Algebra: Solving Equation with DeltaXs

[JT73]

I watched some of the first video on the calculus lectures someone posted, but had a question about some of the algebra when he factors something out of the equation. I've noticed stuff like this is where I get messed up. If someone could explain how this equation:
[1/(x + deltax) - 1/(x)] / deltax

turns into

(1/deltax)[(x - (x + deltax)) /(x + delta x)(x)]

The "X"s, not the "deltaXs", were written with a little subscript zero to the bottom of them, but I don't know how to do that on my keyboard, my apologies. Also, it may hard to read the way it is written, but hopefully you guys can get the jist of it. Thanks

 

[gsal]

First, instead of having a numerator and denominator fraction where the numerator itself consists of fractions with their own numerator and denominator...you need to take the denominator and pull it out (1/delta) as multiplying the whole numerator...

...now, you should have the multiplication of two factors: (1/delat) and the rest.

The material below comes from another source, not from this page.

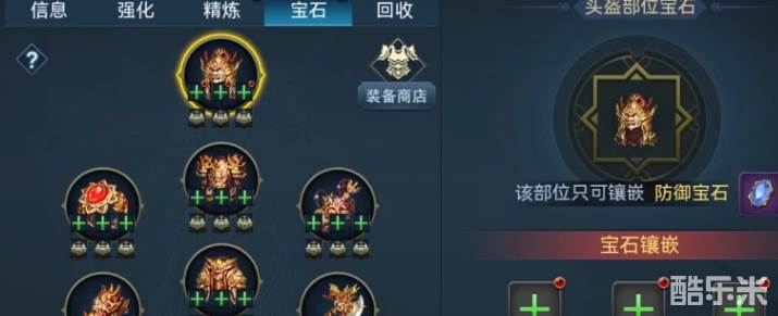 等到玩家主公等级达到55级的时候就开放宝石玩法,点击主界面中的主公选项,进入其中选择装备,就可以看到在强化、精炼的后面出现了宝石选项。所以装备是镶嵌到主公上面,加成的是战力和选择的武将没有关系,是和阵容完全不同的一种玩法。

then, you take the second factor and join them using a common denominator.

 

[Deveno]

$$\frac{\frac{1}{x_0 + \Delta x}-\frac{1}{x_0}}{\Delta x} = \left(\frac{1}{\Delta x}\right)\left(\frac{1}{x_0 + \Delta x}-\frac{1}{x_0}\right)$$

$$= \left(\frac{1}{\Delta x}\right)\left( \frac{x_0}{(x_0+\Delta x)(x_0)} - \frac{x_0+\Delta x}{(x_0+\Delta x)(x_0)}\right)$$

$$= \left(\frac{1}{\Delta x}\right)\left( \frac{x_0 - (x_0 + \Delta x)}{(x_0 + \Delta x)(x_0)}\right) = \left(\frac{1}{\Delta x}\right)\left( \frac{-\Delta x}{(x_0 + \Delta x)(x_0)}\right)$$

$$= \frac{-1}{(x_0 + \Delta x)(x_0)}$$

commentary:

in the first step, we note that division by u is the same thing as multiplication by 1/u (here our "u" is "delta x").

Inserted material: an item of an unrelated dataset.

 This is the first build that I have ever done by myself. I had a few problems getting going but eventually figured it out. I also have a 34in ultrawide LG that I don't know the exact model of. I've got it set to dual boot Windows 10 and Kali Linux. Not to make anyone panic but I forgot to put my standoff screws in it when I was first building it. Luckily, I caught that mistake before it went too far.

next, we multiply each fraction in the difference, by the denominator of the other fraction in the difference, to get a common denominator:

(a/b - c/d) = ((a/b)(1) - (c/d)(1)) = ((a/b)(d/d) - (c/d)(b/b)) = ((ad)/(bd) - (bc)/(bd)) <--common denominator of bd

once we have a common denominator, we can subtract numerators:

(ad)/(bd) - (bc)/(bd) = (ad - bc)/(bd) (this is just the standard rule for subtracting fractions).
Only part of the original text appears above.